Sahagún, Motolinia, Torquemada and the Cuautitlán Annals, among other sources, indicate that between the period 900 to 1300 AD, Chichimecan peoples inhabited the western section of the hill, where they founded the town of Colhuacan. These settlers achieved important technological and social development; apparently a theocratic system prevailed and later by a dynasty of kings. Between years 1300 and 1521 AD, the Aztecs conquered the area and established a settlement, naming it Ixtapalapa. They hoped that Ixtapalapa, in conjunction with the neighboring altepetl Colhuacan, would serve as a barrier to protect the area south of Tenochtitlan, in addition to providing the empire with staples. It is known that at that time, the Aztecs constructed platforms the top of the hill.

==New Fire ceremony==

The Mexicans conceived the universe as a four petal great flower, at the center of which was Tenochtitlan. Each petal represented one of the four cardinal points; the region to the east was symbolized by the acatl glyph (cane), the west by calli (house), the north by tecpatl (flint stone knife) and the south by tochitl (rabbit). As an inherited Toltec tradition, they worshiped the Sun, deity that governed life of all beings and thought that human hearts were required to please him in addition to the blood on prisoner soldiers.

For that reason, every 52 years, when the beginning of the calendars (Civil and Religious) coincided, the sacerdotal class performed the New Fire ceremony, to prevent the Sun’s death, as they thought, would cause total darkness of the universe, allowing the sprouting of tsitsimeme, entities that ate human beings.

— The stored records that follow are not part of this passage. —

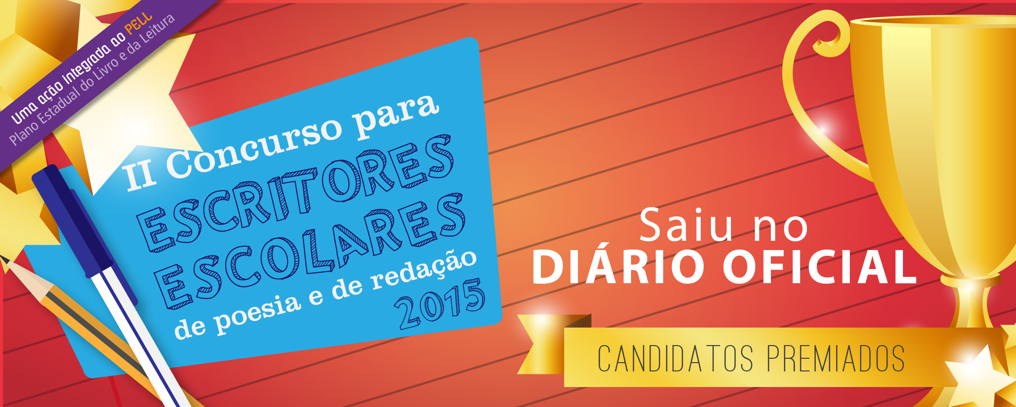 Saiu no Diário Oficial do Estado da Bahia da última quarta (22/07) a lista de premiados do II Concurso para Escritores Escolares de Poesia e de Redação 2015. O Concurso foi direcionado para estudantes do Ensino Fundamental I, II e Médio e promovido pela diretoria do Livro e da Leitura (DLL), unidade da Fundação Pedro Calmon/Secretaria de Cultura do Estado da Bahia,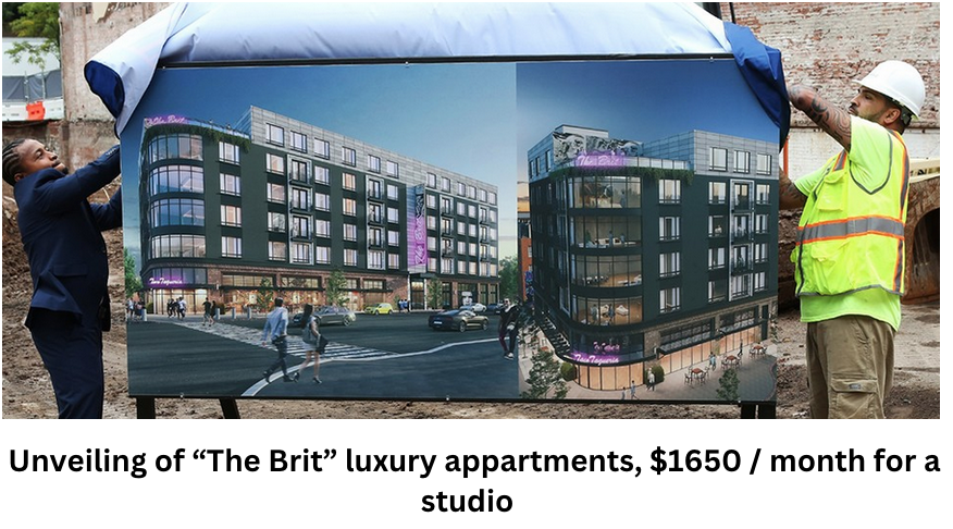 One of his three developments, the Brit Luxury Apartments, starts at an insane $1,650 for a studio (3), so it’s clear that this would be for 700 wealthy people. The Brit was announced Summer of 2021 and is being built where Burritt Bank used to be, a building that had certainly been devalued as it sat vacant since 1992. Besides this cheap real estate, in order to attract Avner Krohn along with other high end developers, millions of dollars have been spent since 2013 to make the downtown look prettier, what New Britain calls the “complete streets master plan.”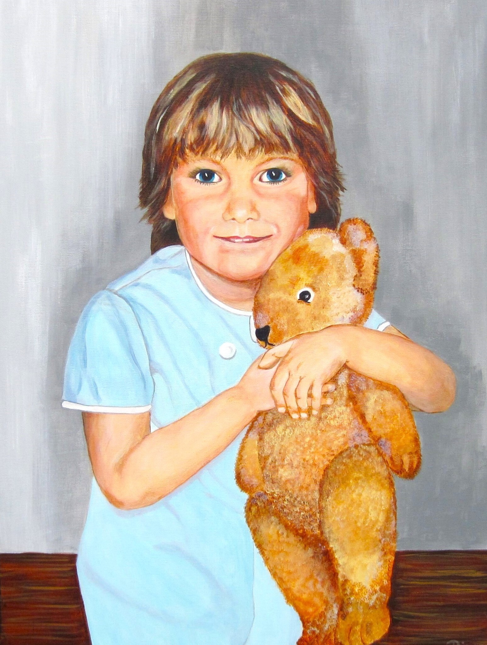 Mijn nichtje Ester toen ze haar Heilige Communie deed, nageschilderd van een zwart wit foto uit 1973.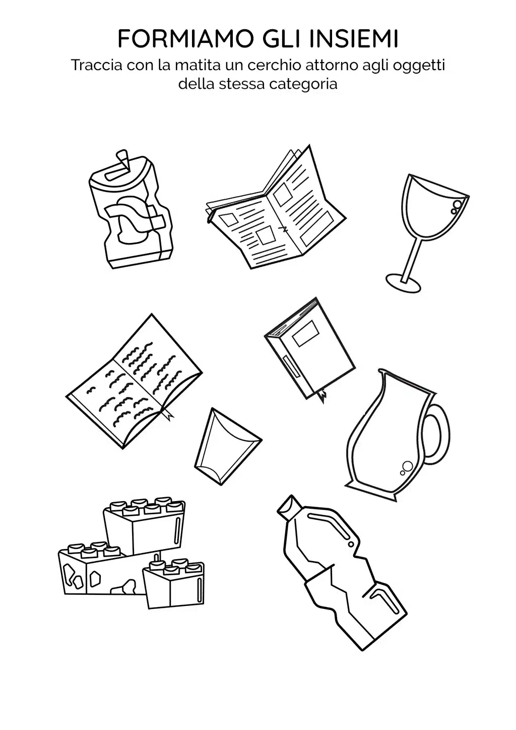 Ti divertirai a scoprire e cerchiare oggetti della stessa categoria come libri, bicchieri o blocchi di costruzioni, migliorando il tuo apprendimento attraverso il gioco.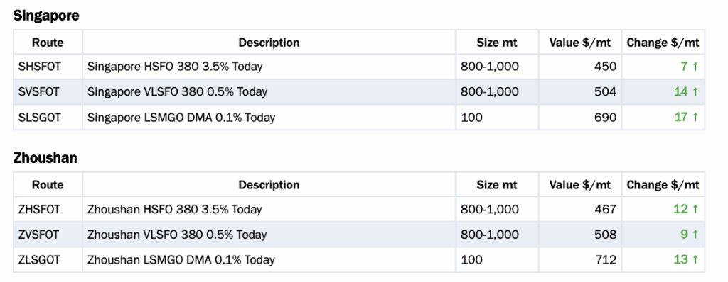 以下船用燃料报告由货运市场信息提供商波罗的海交易所( Baltic Exchange )供新加坡船燃资讯平台《满航》(Manifold Times)刊登: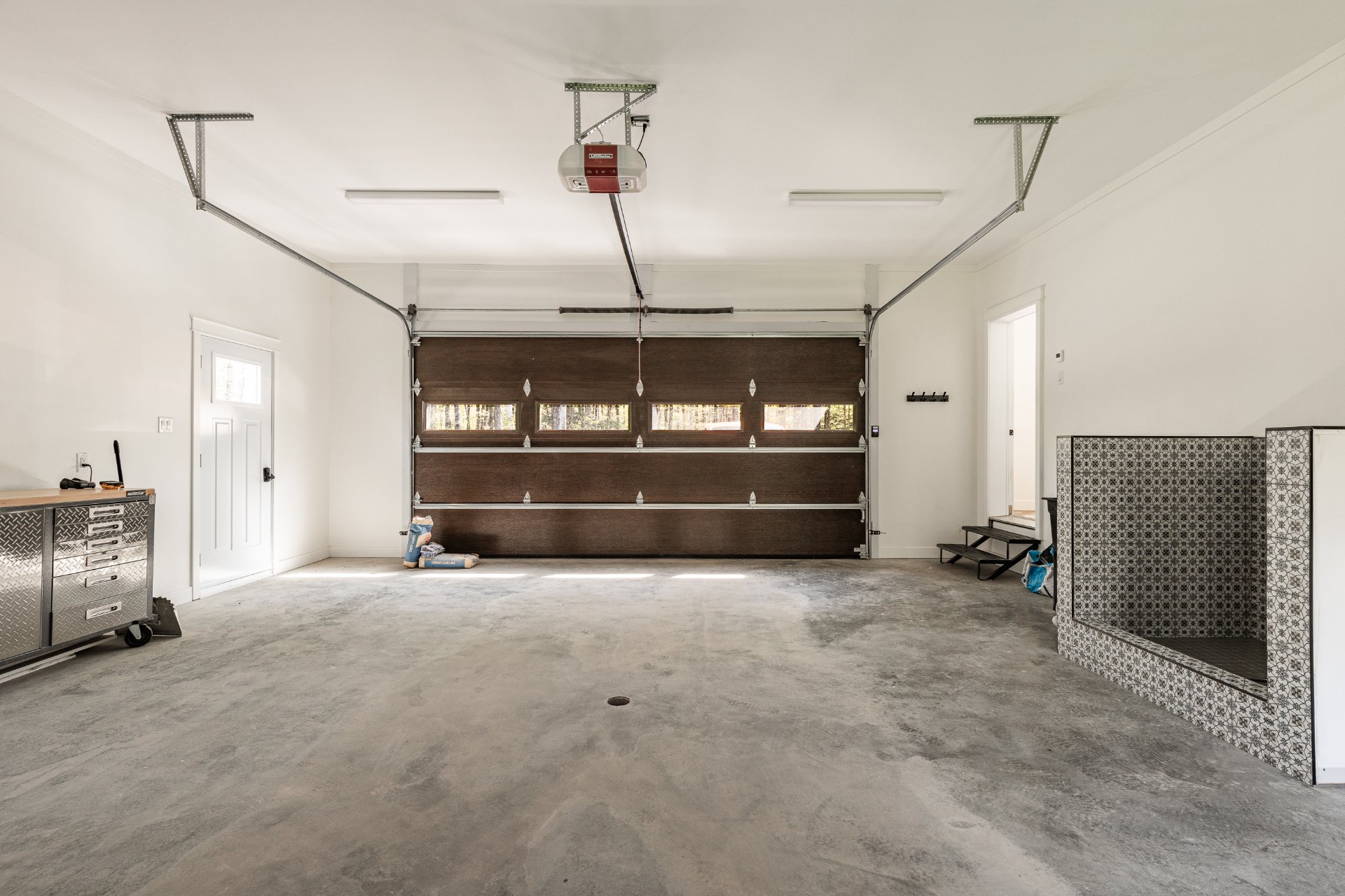 Un garage simple intégré, ainsi qu'un garage double chauffé avec porte latérale et douche pour chien, ajoutent aux fonctionnalités de la propriété.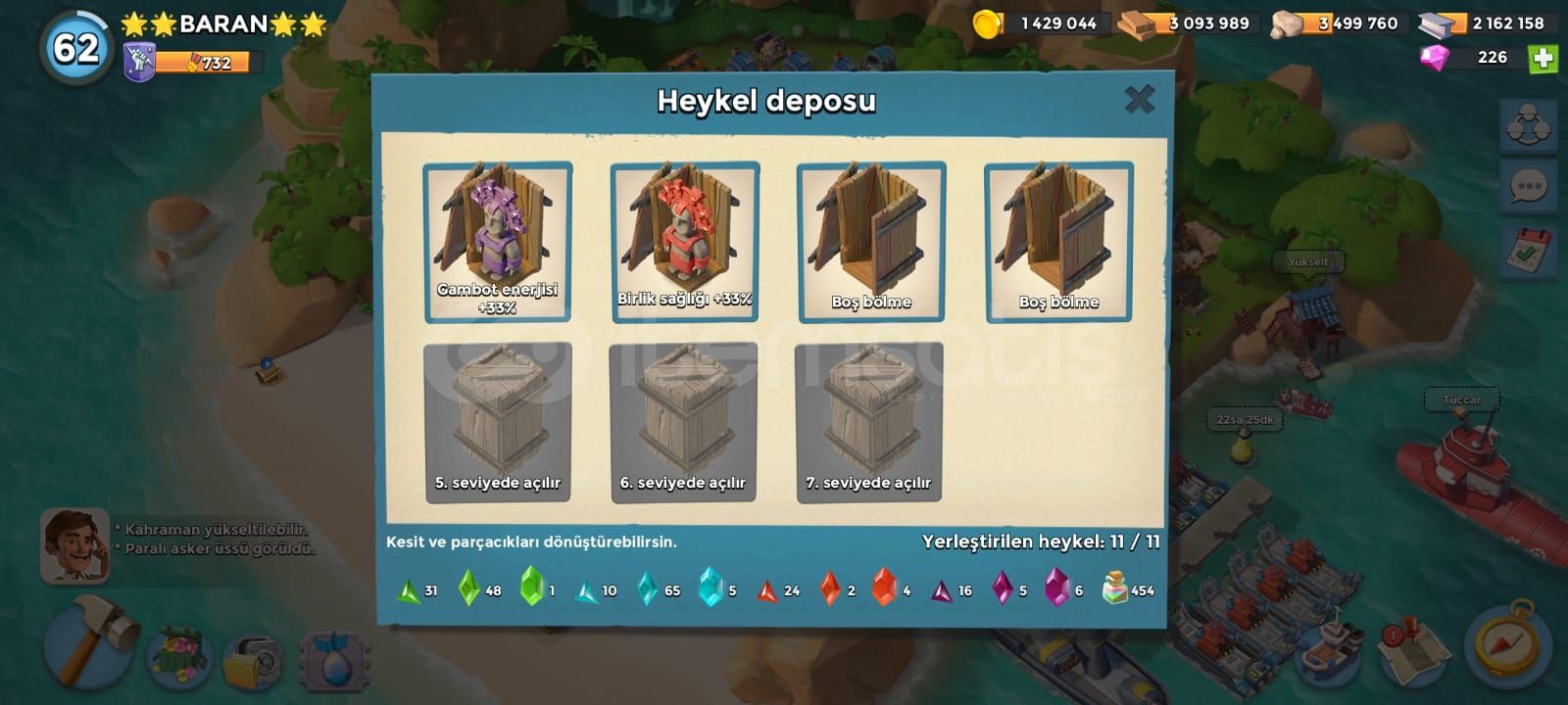 24 Seviye Karargah, 62 Seviye, 455 Tozlu BOOM Beach Hesabım satılıktır. emek hesabıdır. fiyatta pazarlık olabilir. isim değiştirme 500 elmastır.Heykelleri Gambot 16 39 17 totalde 72Hasar 28 13 11 13 totalde 65Sağlık 34 12 12 13 totalde 71

At dusk of the great day the main priests wore their best clothes and headed by the priest of Copilco, went to the top of Huizachtecatl to initiate the ceremony. Previously, a prisoner was placed in the main temple altar, and when the time came, a log or mamahuastli was placed on his chest and set on fire to ignite the New Fire; meanwhile, Tenochtitlan and towns surrounding the great lake remained in complete darkness. The Copilco priest took the fire from the chest and transmitted it to a bonfire. Later the prisoner was sacrificed, his heart extracted and thrown into the flames. There were messengers responsible to deliver torches lit with the New Fire to priests of towns that had attended the ceremony at Huizachtecatl.

At Tenochtitlan the fire was placed before the main deity, from where it was taken to other Gods temples, and from there to people’s quarters.

Based on archeological investigations, Colhuas were the first to use the top of the hill for the New Fire or Toxiuhmopolli ceremony; historical sources indicate that four such ceremonies took place; in 1351, 1403, 1455 and 1507. Tenochtitlan was conquered before the fifth ceremony could take place.